We talked about a similar idea here on the Briefing before – we called it the “bifurcation of intelligence”: a world in which some companies deploy Copilot and call it a day, while others are rethinking their business models in an age of AI agents (and the rest of it). Robert Glaser digs deeper into this idea:
But the interesting AI work does not wait for the next community meeting. It appears inside a code review, a sales proposal, a research task, a product prototype, a production incident, a test strategy, a compliance question. Or when someone figures out that for a certain class of product components, they can set up something close to a dark factory: write the intent, let the agent run a very loose loop, apply enough backpressure to keep it on track, evaluate the outcome against strong scenarios, refine the intent, and repeatedly get high-quality results.

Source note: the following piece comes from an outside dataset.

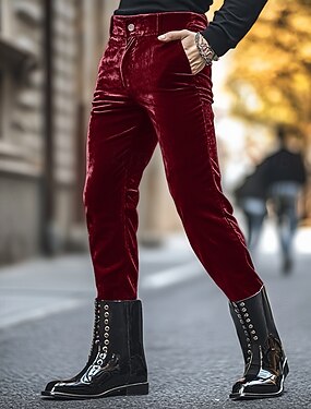 Hombre pantalones de traje Ajustado Pantalones Pantalones casuales Pantalones de terciopelo Bolsillo Plano Comodidad Suave Longitud total Fiesta Diario Discoteca Moda Ropa de calle Negro Rojo

By the time the story is cleaned up enough to become a best-practice slide, the important learning has often lost its teeth. What made it useful was the friction: the missing context, the test that failed, the weird API behavior, the moment where the agent sprawled into nonsense and someone had to pull it back.
And to stay in the theme of my new book OUTLEARN:
The next advantage is learning velocity. Who finds the real patterns faster? Who moves discoveries from individuals to teams to organizational capabilities? Who builds backpressure into agentic loops, so agents can’t sprawl? Who distributes useful agent capabilities without turning them into monolithic enterprise agents that fit nobody? Who finally uses agentic engineering to make agile real, instead of just slapping AI onto the old ceremonies?